RANDOLPH JOHN ROGERS (1825–1892)
Nydia, the Blind Flower Girl of Pompeii, 1862
Marble, 36 1/2 in. high
Signed, dated, and inscribed (on edge of base): Randolph Rogers / Rome 1862
RECORDED: Millard F. Rogers, Randolph Rogers: American Sculptor in Rome (Amherst: University of Massachusetts Press, 1971), p. 201, as owned by William H. Gerdts
EX COLL.: William H. Gerdts, New York, early 1960s until 2014
Randolph John Rogers, barely past his student years, revealed a formidable talent and a keen insight into American taste when he created an icon of nineteenth-century American visual culture. He began to model Nydia, the Blind Flower Girl of Pompeii, his most famous artwork, in Italy before his return trip to America in 1854. Lorado Taft, writing in 1903, described Nydia as “so well-known as scarcely to require description” (Lorado Taft, The History of American Sculpture [New York: The MacMillan Co., 1903, 1924], p. 160). Along with Ruth Gleaning, another of Rogers’s best-known works, Nydia represented Rogers at the Philadelphia Centennial Exposition in 1876, lent by the same patron who later donated both statues to The Metropolitan Museum of Art in 1899.
Nydia, the Blind Flower Girl of Pompeii was produced in multiples, both in a full-size 45-inch high version and in the present reduced version. Wayne Craven called Nydia “a symbol of its era” (Wayne Craven, “Images of a Nation in Wood, Marble and Bronze: American Sculpture from 1776 to 1900,” in 200 Years of American Sculpture, exhib. cat. [New York: Whitney Museum of American Art, 1976], p. 43), while William Gerdts identified it as “the most popular of full-length sculptures by an American artist” (William Gerdts, American Neo-Classical Sculpture , p. 34). Gerdts himself once owned the present sculpture.
The subject of Nydia, the Blind Girl of Pompeii derived from an episode in Sir Edward Bulwer Lytton’s wildly successful 1834 novel, The Last Days of Pompeii. In Lytton’s account, Nydia was a blind Greek slave girl of mysterious, but probably noble, origin, bound in servitude in Pompeii. Involved in a romantic triangle with Glaucus, who had freed her from a brutal master, only to give her to his love, Ione, Nydia risked her life to save Glaucus and Ione during the fatal eruption. Attempting to lead the pair out of the doomed city, Nydia became separated from them. Rogers depicted her at this moment in Lytton’s tale:
At length it occurred to Nydia, that as it had been resolved to seek the seashore for escape, her most probable chance of rejoining her companions would be to persevere in that direction.
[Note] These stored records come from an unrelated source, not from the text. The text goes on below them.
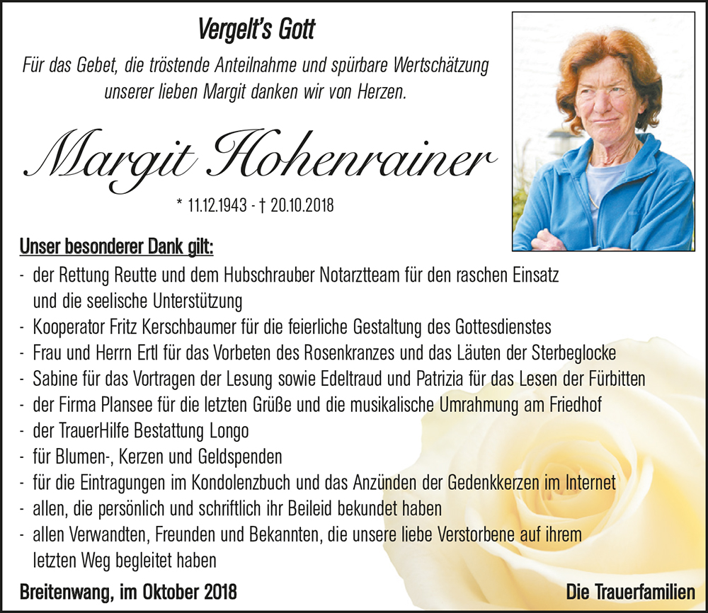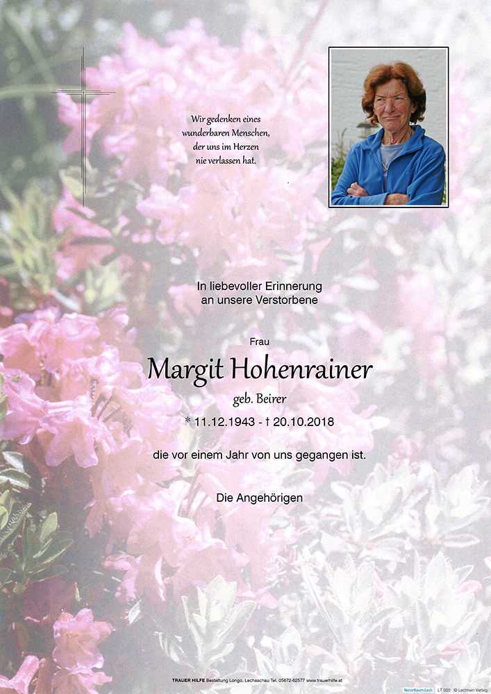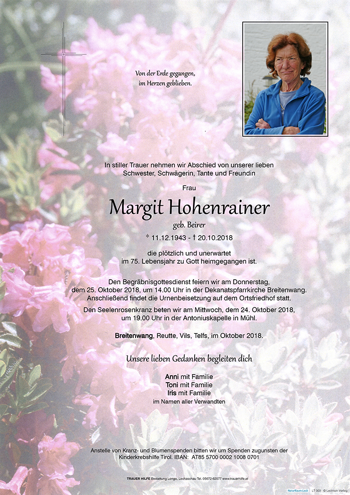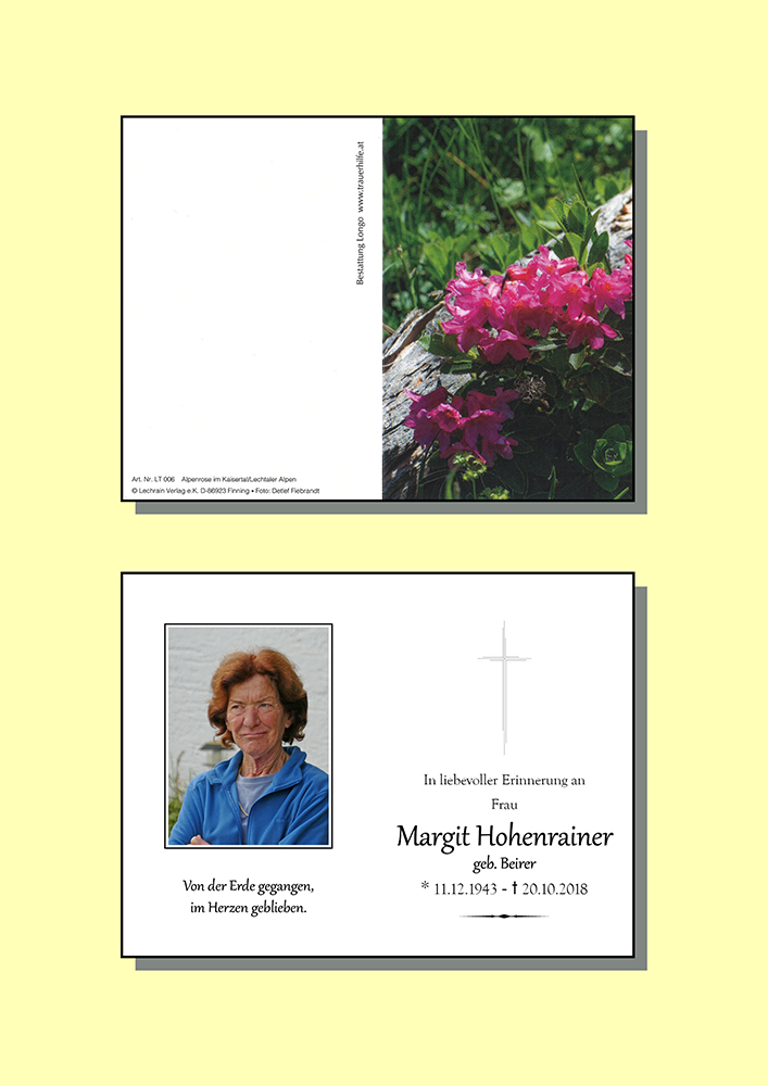 Kondolenzbuch für Margit Hohenrainer
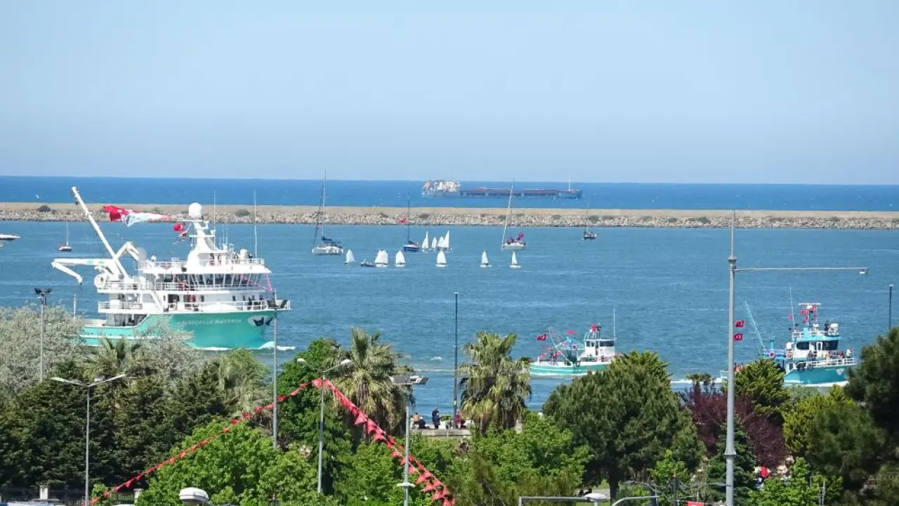 Samsun Limanı’nda düzenlenen etkinlikte, balıkçı tekneleri ve kamu kurumlarına ait deniz araçları, siren sesleri ve Türk bayrakları eşliğinde tören geçişi yaptı. Açıkta demirli duran Türkiye'nin en büyük savaş gemisi TCG Anadolu ile birlikte balıkçı teknelerinin aynı karede yer alması, görsel bir şölen sundu.
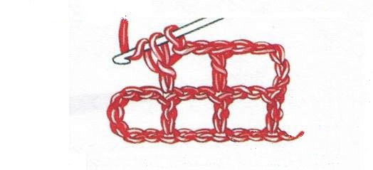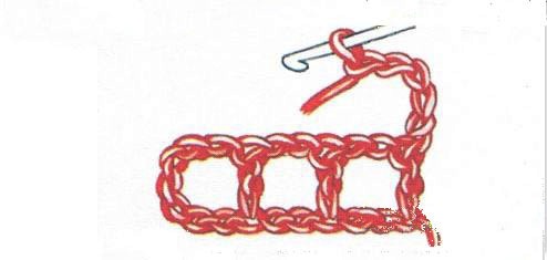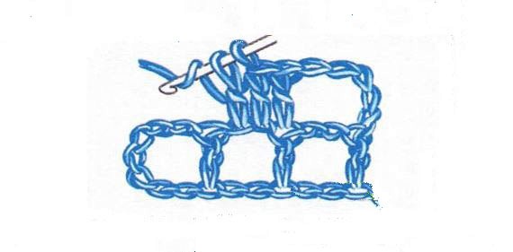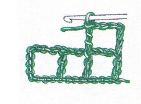 Каждая ячейка состоит из 3 возд/п и СС2Н. Выполняем цепочку из возд/п. Их кол-во должно быть кратно 4 плюс 10 возд/п. Для 1-ой ячейки провязываем СС2Н в 11-ую п. цеп-ки, далее *3 возд/п, пропускаем 3 возд/п основания, 1 СС2Н в след-щую п. основания*. От * и до * повторяем для всех ячеек.
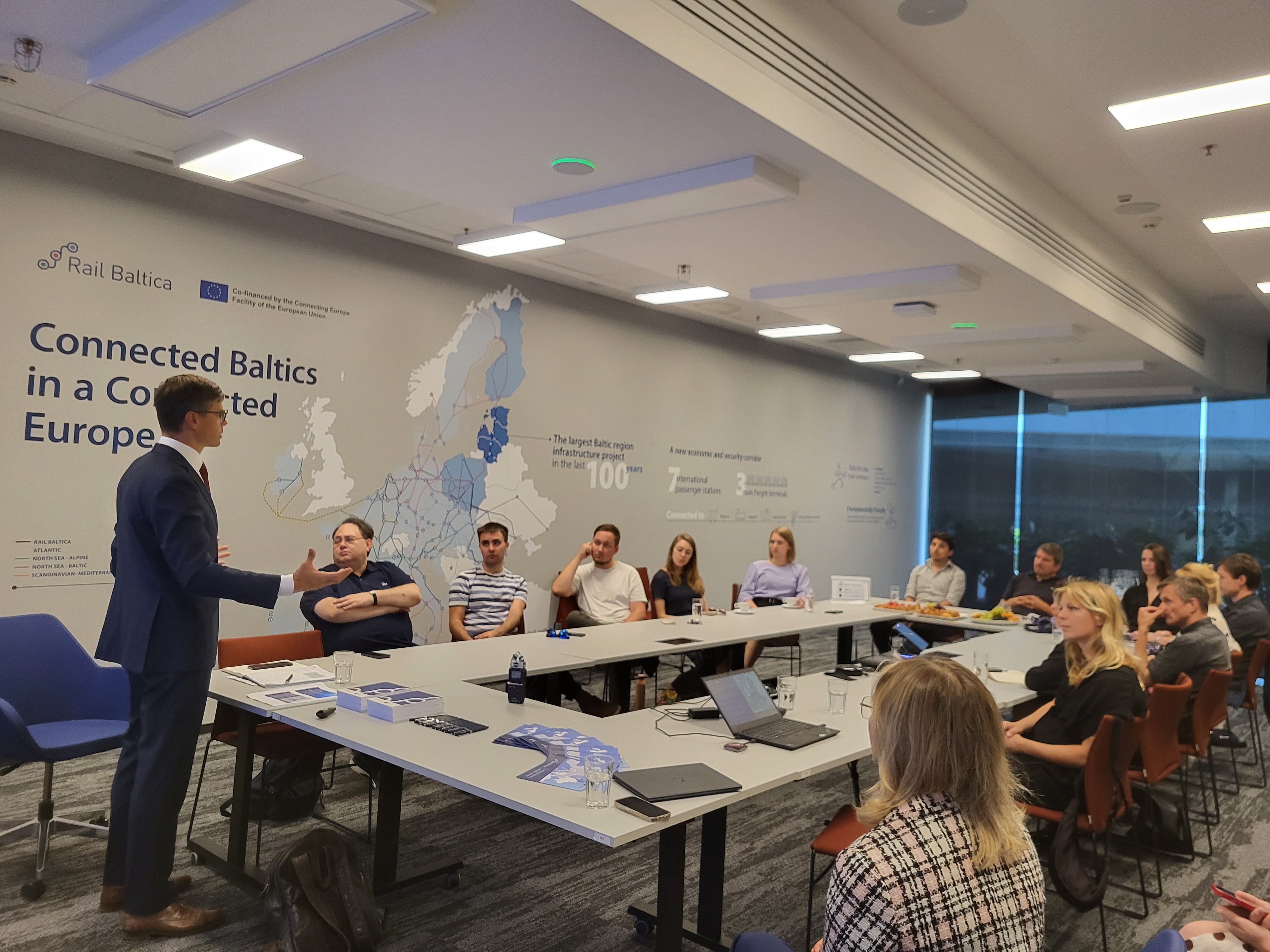 Rail Baltica centrālā koordinatora RB Rail AS padomes loceklis Ģirts Rūda un Rail Baltica projekta ieviesēja Latvijā – uzņēmuma Eiropas Dzelzceļa līnijas – valdes locekle Baiba Zauere, tiekoties ar žurnālistiem no Vācijas, Baltijas un Ziemeļvalstīm, uzsvēra Rail Baltica stratēģisko un ģeopolitisko nozīmi. Projektam ir būtiska loma, savienojot Baltijas reģionu ar Eiropas dzelzceļu tīklu. Tas ir daļa no diviem Eiropas vienotā transporta tīkla koridoriem un tiek simboliski dēvēts par iztrūkstošo posmu Eiropas infrastruktūrā.
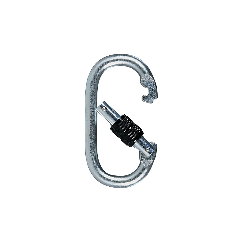 Moschettone in acciaio zincato con bloccaggio SCREW - ghiera a vite. EN 362:2004. Apertura 18 mm. Dimensioni 108x59 mm.
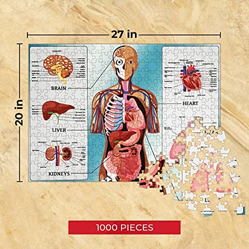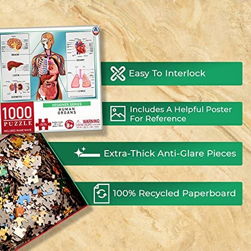 Human Organs 1000 Piece Puzzle for Adults & Kids | 27 x 20 Inch Jigsaw Puzzles Game with Extra Thick Pieces That Fit Together Easily | Made from Recycled Paper | Bonus Poster Included

Guiding her steps, then, by the staff which she always carried, she continued, with incredible dexterity, to avoid the masses of ruin that encumbered her path—to thread the streets—and unerringly (as blessed was that accustomed darkness, so afflicting in ordinary life!) to take the nearest direction to the sea-side.
The sculptor showed Nydia, ironically no more blind than all the other inhabitants of the city in the global darkness that enveloped Pompeii, but blessed with an acute sense of hearing, which Rogers indicated by the hand Nydia held to her ear to facilitate the detection of the sound of the sea. The statue was an unprecedented success. Rogers’s studio produced over 167 versions of Nydia in two sizes in the course of his career.